Uma estratégia amplamente favorecida pelo empobrecimento ainda maior do debate público nos últimos anos. Mas também pelo recrudescimento de um discurso fortalecido com a crescente moralização da política e com a reação aos avanços, tímidos, mas significativos no contexto brasileiro, das demandas e direitos das chamadas “minorias” – além de mulheres, LGBTs, negros e índios, também eles vítimas da violência bolsonarista.
A estratégia é aproveitar o estreitamento político e a crise econômica, para manipular os muitos medos decorrentes de mudanças nunca devidamente cimentadas em uma democracia, como a nossa, débil e incompleta, alimentando, diuturnamente, o temor que a ampliação e garantia de direitos ameaça a família e os “valores tradicionais”.

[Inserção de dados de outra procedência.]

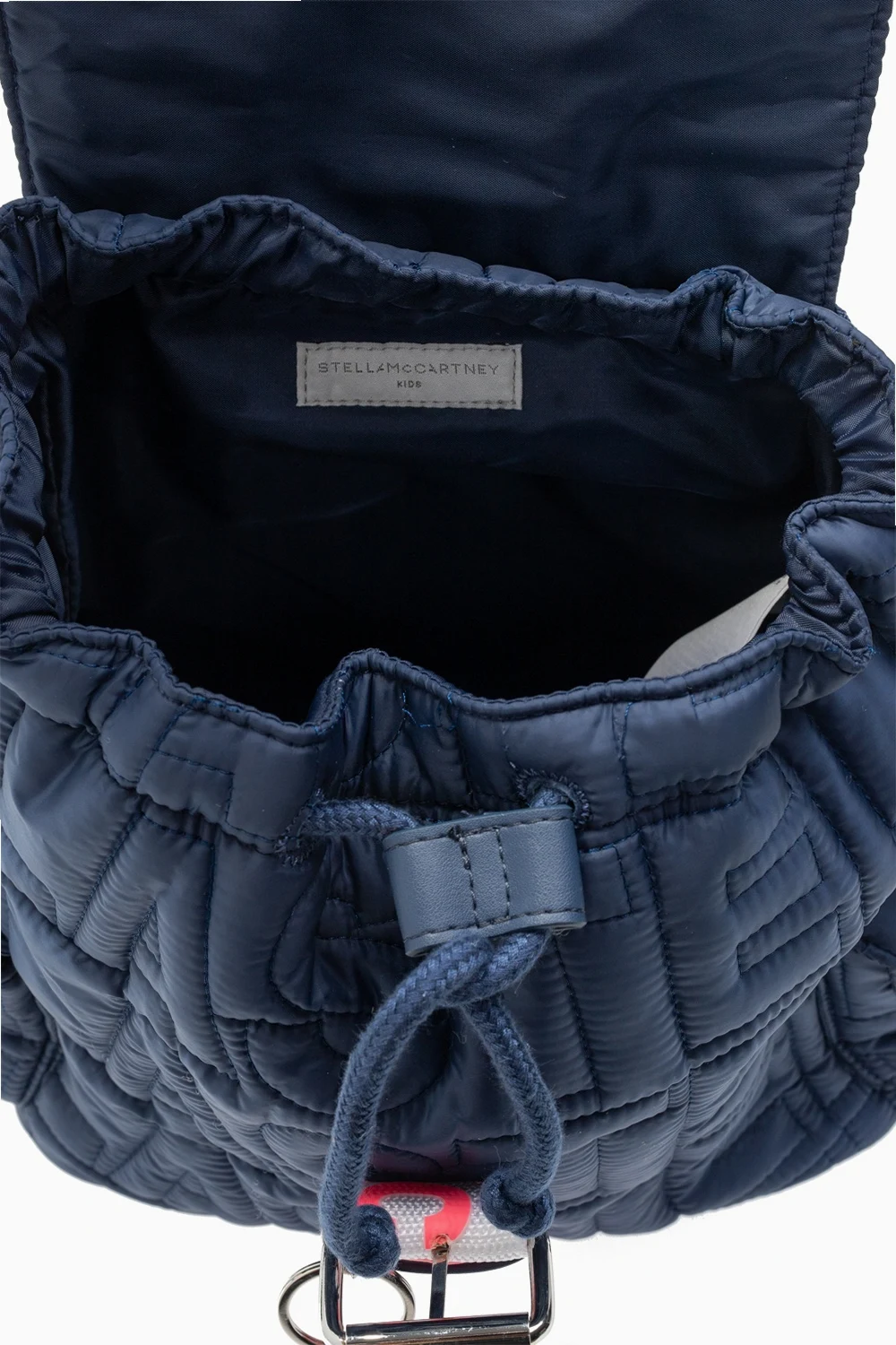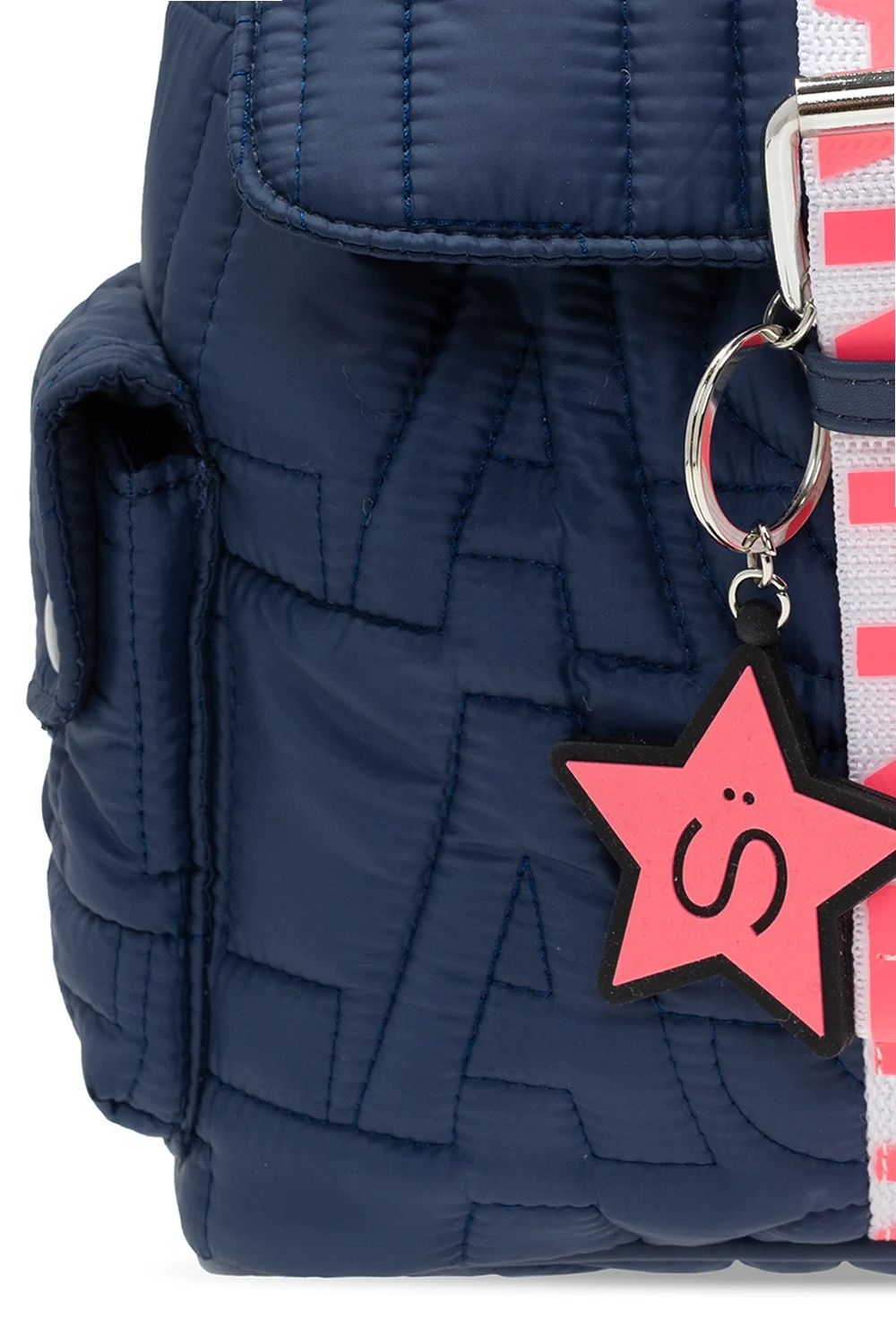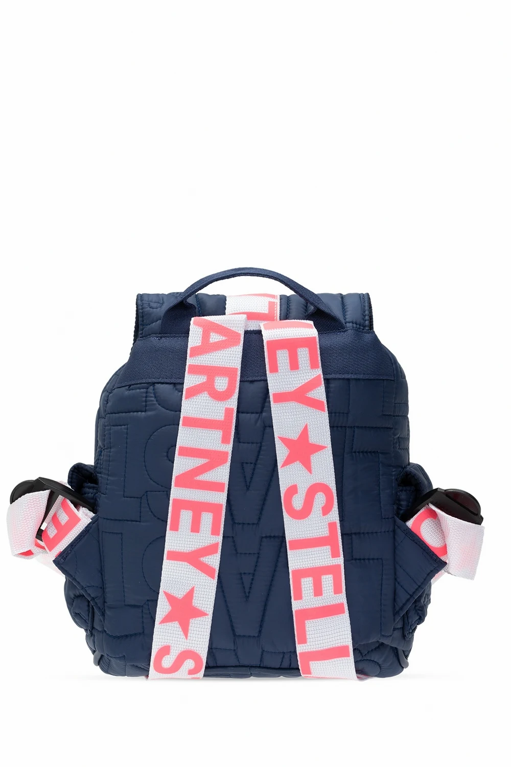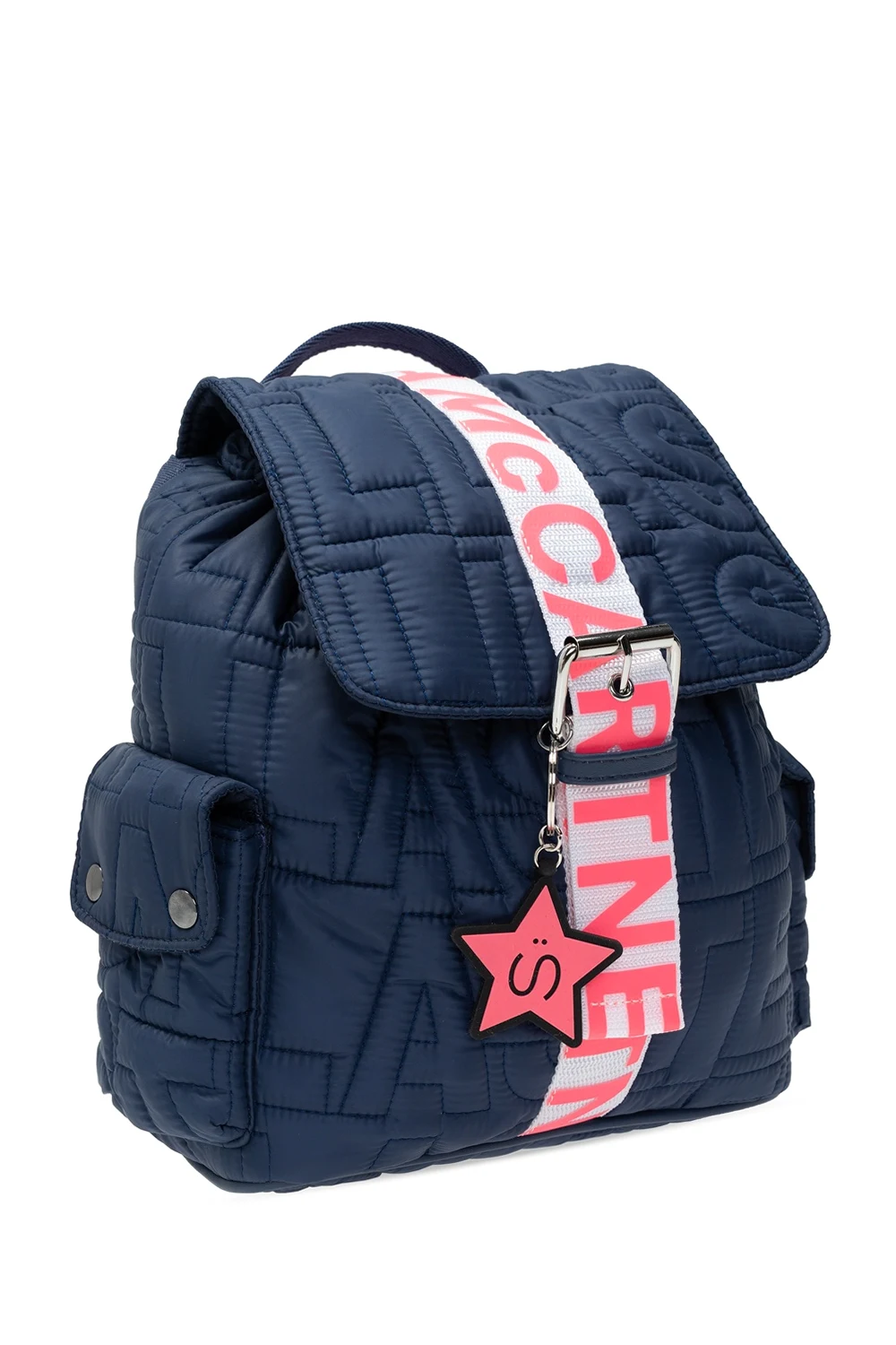 Navy quilted backpack from Stella McCartney Kids. Fastened with drawstrings, this design features a white buckle strap with a charm, printed pattern in neon pink, two snap-fastened flap pockets on the sides, half-round handle, adjustable shoulder straps and one internal compartment.

Em troca do apoio, da identificação e do engajamento, o governo oferece, a uma população desempregada, endividada e novamente despossuída do direito ao consumo, a ilusória segurança de que sua fé e seus valores não serão moeda de barganha, nem destruídos pelo avanço das minorias.
Bolsonaro precisa disso para manter sua cruzada antidemocrática. Sem nada de muito objetivo a oferecer, ele precisará cumprir ao menos uma das promessas que fez durante a campanha, a de legar um país embrutecido e ainda mais violento.